DATA FOR THE TASK

++++++++

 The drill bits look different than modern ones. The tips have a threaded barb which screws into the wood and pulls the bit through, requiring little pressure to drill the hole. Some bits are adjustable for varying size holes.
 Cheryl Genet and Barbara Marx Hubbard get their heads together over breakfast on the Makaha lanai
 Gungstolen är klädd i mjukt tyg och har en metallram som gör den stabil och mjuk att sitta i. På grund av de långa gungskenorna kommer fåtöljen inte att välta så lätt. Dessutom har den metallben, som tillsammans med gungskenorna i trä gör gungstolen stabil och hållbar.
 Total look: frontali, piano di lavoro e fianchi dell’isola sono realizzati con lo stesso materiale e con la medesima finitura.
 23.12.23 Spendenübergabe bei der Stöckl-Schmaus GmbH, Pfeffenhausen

++++++++

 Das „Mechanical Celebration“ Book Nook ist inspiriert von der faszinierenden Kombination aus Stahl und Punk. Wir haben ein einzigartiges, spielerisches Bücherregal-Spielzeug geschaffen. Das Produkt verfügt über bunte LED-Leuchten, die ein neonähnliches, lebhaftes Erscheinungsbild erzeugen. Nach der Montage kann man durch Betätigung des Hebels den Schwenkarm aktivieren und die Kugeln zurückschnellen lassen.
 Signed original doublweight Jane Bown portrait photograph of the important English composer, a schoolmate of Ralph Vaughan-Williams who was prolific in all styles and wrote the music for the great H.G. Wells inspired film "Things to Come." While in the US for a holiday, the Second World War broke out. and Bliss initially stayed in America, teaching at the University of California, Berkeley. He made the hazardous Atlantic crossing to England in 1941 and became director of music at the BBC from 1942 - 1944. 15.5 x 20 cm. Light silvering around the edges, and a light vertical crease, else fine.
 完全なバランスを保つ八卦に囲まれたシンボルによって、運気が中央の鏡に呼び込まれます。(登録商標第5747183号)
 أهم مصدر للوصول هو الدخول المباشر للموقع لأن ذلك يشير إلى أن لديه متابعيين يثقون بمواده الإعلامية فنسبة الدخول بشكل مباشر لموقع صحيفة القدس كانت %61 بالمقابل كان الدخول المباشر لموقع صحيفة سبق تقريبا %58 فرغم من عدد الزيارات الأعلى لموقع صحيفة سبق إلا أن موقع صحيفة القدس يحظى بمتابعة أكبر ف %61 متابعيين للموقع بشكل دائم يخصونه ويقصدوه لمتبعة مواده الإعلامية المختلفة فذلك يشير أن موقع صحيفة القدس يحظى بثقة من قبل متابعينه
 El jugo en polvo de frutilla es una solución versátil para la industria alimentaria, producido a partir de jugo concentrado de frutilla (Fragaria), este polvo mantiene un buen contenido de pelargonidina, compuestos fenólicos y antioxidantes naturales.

++++++++

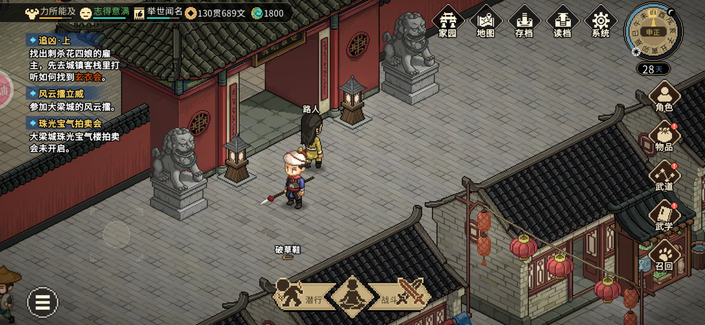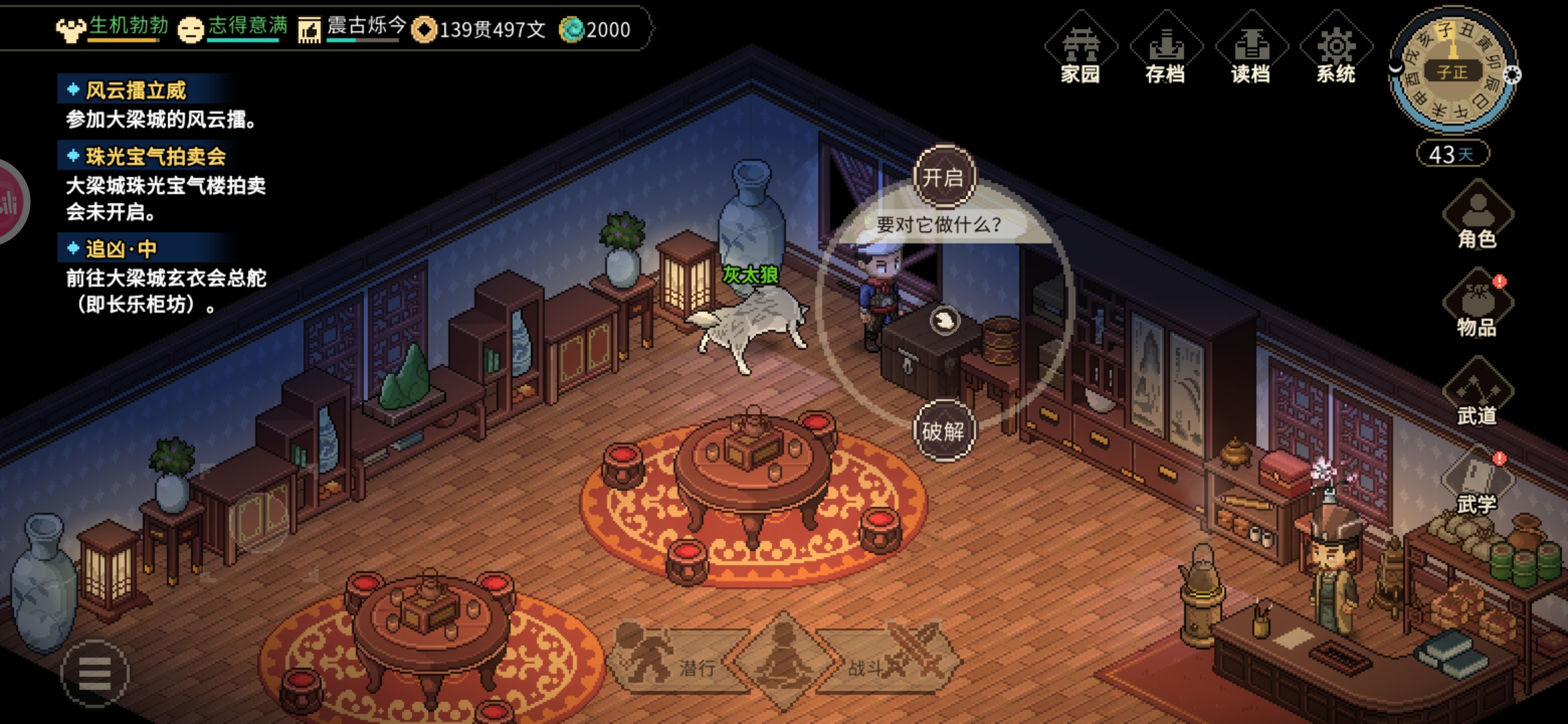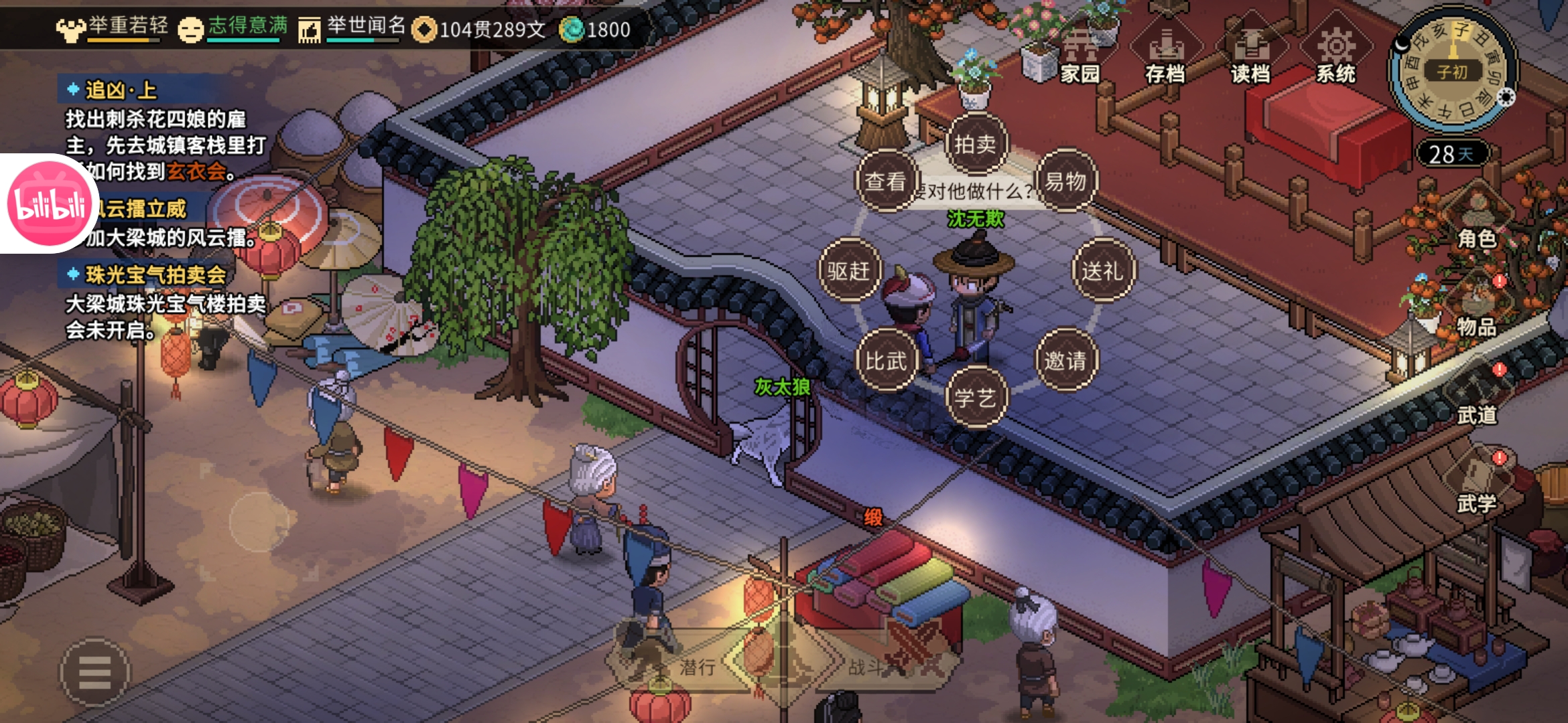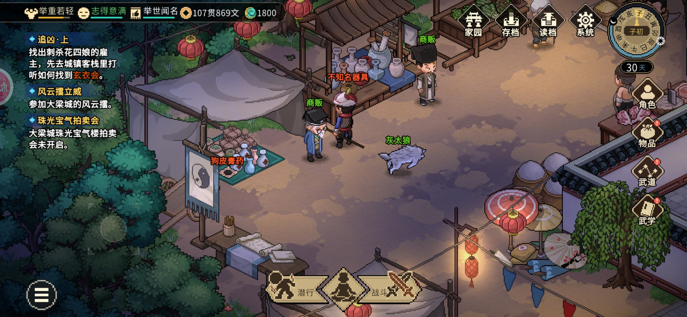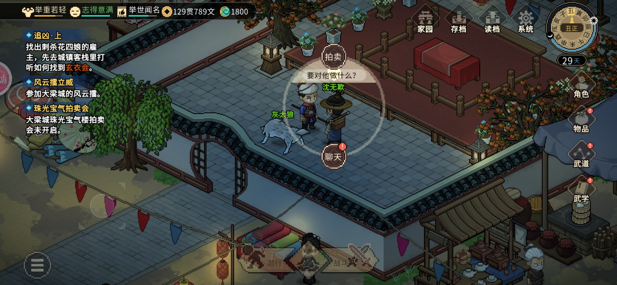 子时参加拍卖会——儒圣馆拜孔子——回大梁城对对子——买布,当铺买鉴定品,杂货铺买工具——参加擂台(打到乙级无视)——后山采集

++++++++

DESCRIPTION OF THE TASK
Produce only the lines from the line containing "Total look: frontali, piano" through the line containing "23.12.23 Spendenübergabe bei", inclusive of both, exactly as they stand in the entries above.

SOLUTION TO THIS PROBLEM
 Total look: frontali, piano di lavoro e fianchi dell’isola sono realizzati con lo stesso materiale e con la medesima finitura.
 23.12.23 Spendenübergabe bei der Stöckl-Schmaus GmbH, Pfeffenhausen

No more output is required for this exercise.